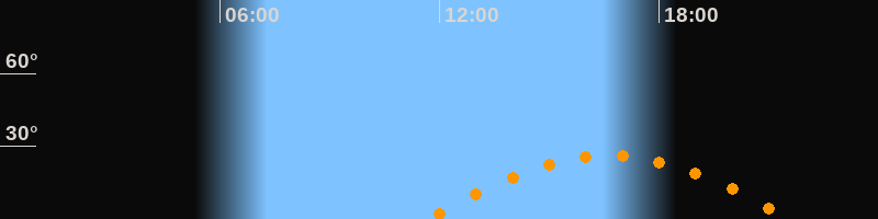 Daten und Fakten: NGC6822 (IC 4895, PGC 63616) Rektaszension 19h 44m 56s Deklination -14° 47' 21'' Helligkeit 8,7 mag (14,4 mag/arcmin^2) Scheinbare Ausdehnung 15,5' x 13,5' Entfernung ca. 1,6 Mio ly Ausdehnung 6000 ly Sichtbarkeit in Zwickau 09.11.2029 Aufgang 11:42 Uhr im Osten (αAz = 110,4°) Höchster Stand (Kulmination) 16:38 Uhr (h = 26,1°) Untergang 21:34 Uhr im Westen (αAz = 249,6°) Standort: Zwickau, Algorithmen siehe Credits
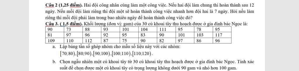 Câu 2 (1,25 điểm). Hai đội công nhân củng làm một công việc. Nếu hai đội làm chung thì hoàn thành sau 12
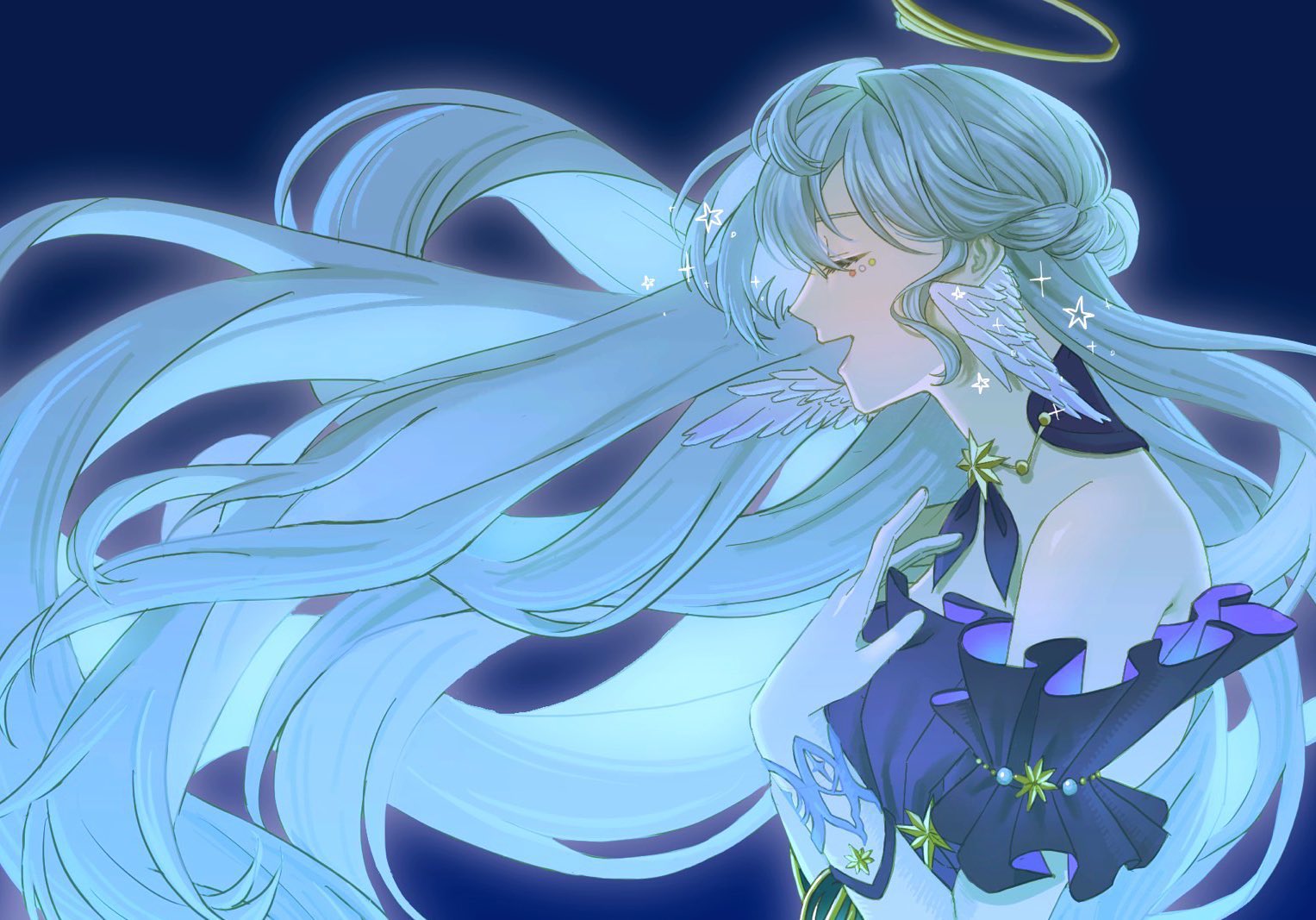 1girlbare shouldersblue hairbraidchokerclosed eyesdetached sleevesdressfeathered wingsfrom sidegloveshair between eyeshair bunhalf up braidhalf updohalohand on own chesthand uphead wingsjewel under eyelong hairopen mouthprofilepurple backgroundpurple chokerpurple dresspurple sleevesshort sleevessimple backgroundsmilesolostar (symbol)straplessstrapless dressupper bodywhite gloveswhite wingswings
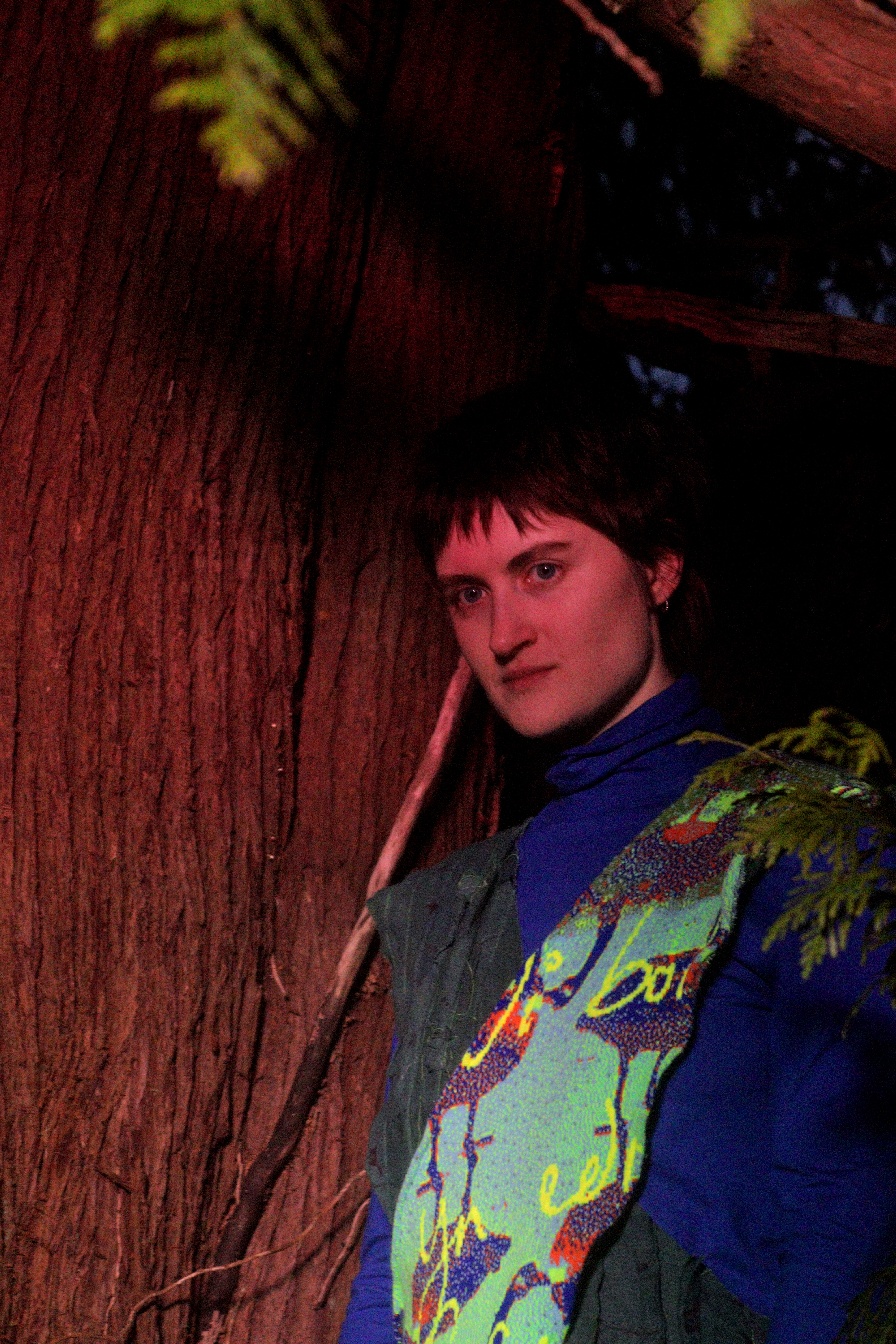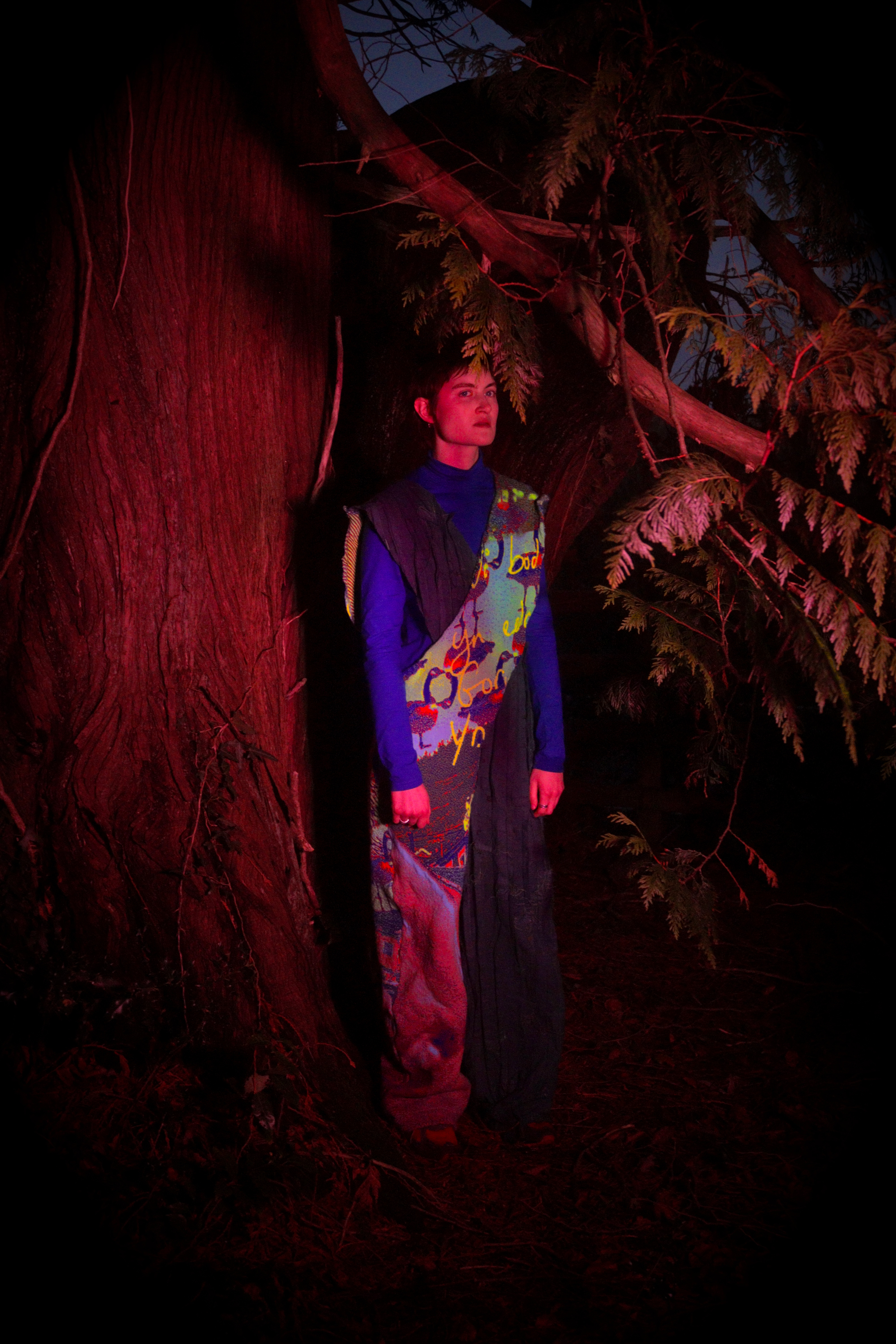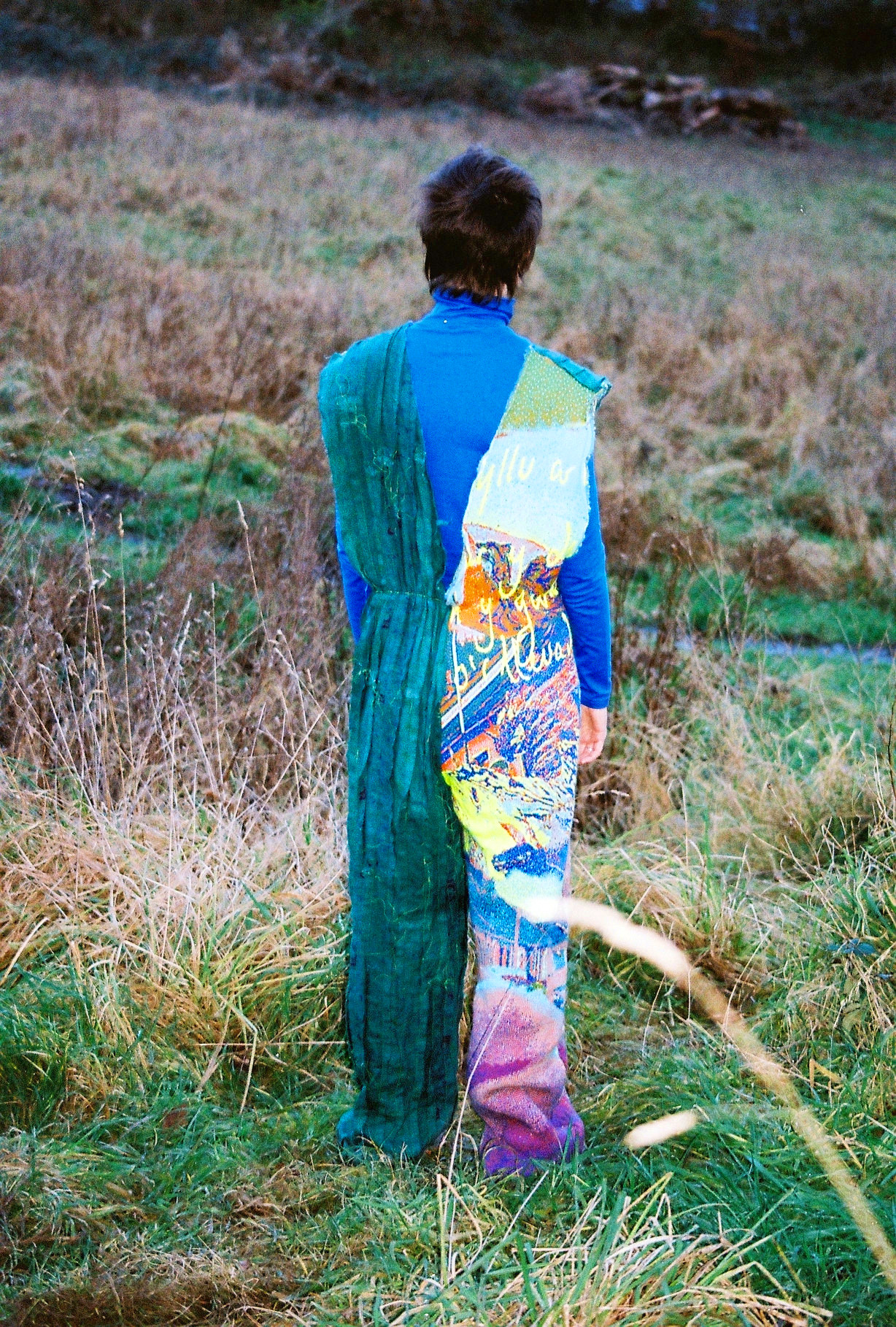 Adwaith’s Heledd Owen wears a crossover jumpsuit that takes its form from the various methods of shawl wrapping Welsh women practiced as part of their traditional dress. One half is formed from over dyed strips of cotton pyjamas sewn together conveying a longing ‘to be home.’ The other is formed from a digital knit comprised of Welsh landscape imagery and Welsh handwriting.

* [What you should do]: Locate "1girlbare shouldersblue hairbraidchokerclosed" in the listing above, then print exactly the lines from that line through the final one, omitting all pictures.

* [Solution to this problem]:
 1girlbare shouldersblue hairbraidchokerclosed eyesdetached sleevesdressfeathered wingsfrom sidegloveshair between eyeshair bunhalf up braidhalf updohalohand on own chesthand uphead wingsjewel under eyelong hairopen mouthprofilepurple backgroundpurple chokerpurple dresspurple sleevesshort sleevessimple backgroundsmilesolostar (symbol)straplessstrapless dressupper bodywhite gloveswhite wingswings
 Adwaith’s Heledd Owen wears a crossover jumpsuit that takes its form from the various methods of shawl wrapping Welsh women practiced as part of their traditional dress. One half is formed from over dyed strips of cotton pyjamas sewn together conveying a longing ‘to be home.’ The other is formed from a digital knit comprised of Welsh landscape imagery and Welsh handwriting.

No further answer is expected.